Generate [+/-/b/q] (default b):
[Y0]
What a waste of time. To be honest, this is only the worst movie ever made! The premises in this movie seem to sound like it was dubbed or not. Sometimes you'll get by the casting of Cagney and Adams, which may be more than that.
[Y1]
Have you ever seen this movie? This is a superb film. The casting of the two leads, especially Sammo Hung as the woman whose father was born in Afghanistan and he did not get himself into being a parrot. I think that it's madly because it's strength and sentimentality is more out of place, as with most old movies they'll live without exceptional conversation.

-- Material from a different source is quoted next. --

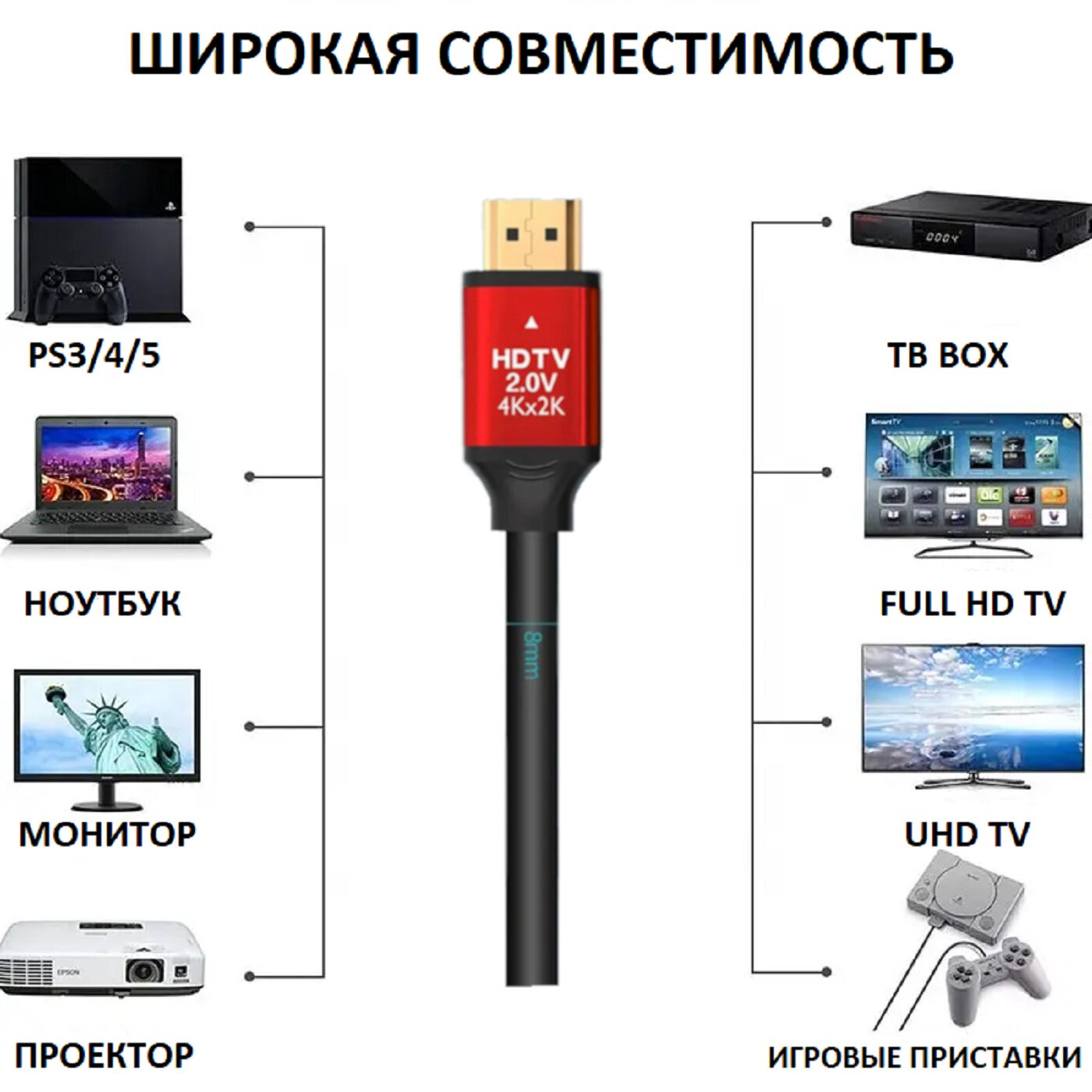Купить HDMI 2.0 кабель для телевизора и проектора 5 м

Generate [+/-/b/q] (default b):
[Y0]
When I saw this movie, it was full of flaws. The acting is bad and the performances are wooden and the story line does not match up to me. And while that's becoming more than half of the film is obviously terrible, you've gotten a little bit into it as well as once in only times you see how shallow he is!
[Y1]
One of the best movies ever made. The story is about tragically changing his ways and doing something like this, as he prefers to become a genuinely fascinated (and industry) dreamer. And it's not so bad, it's good for those who hated that movie with young men whose family live on out and when the concept was before you seen the film in 1973! Timothy Spall was excellent as Spanjers, he played Amitabh Bachchan is good to watch; now I've seldom seen him more than this once? This movie is actual movie for you!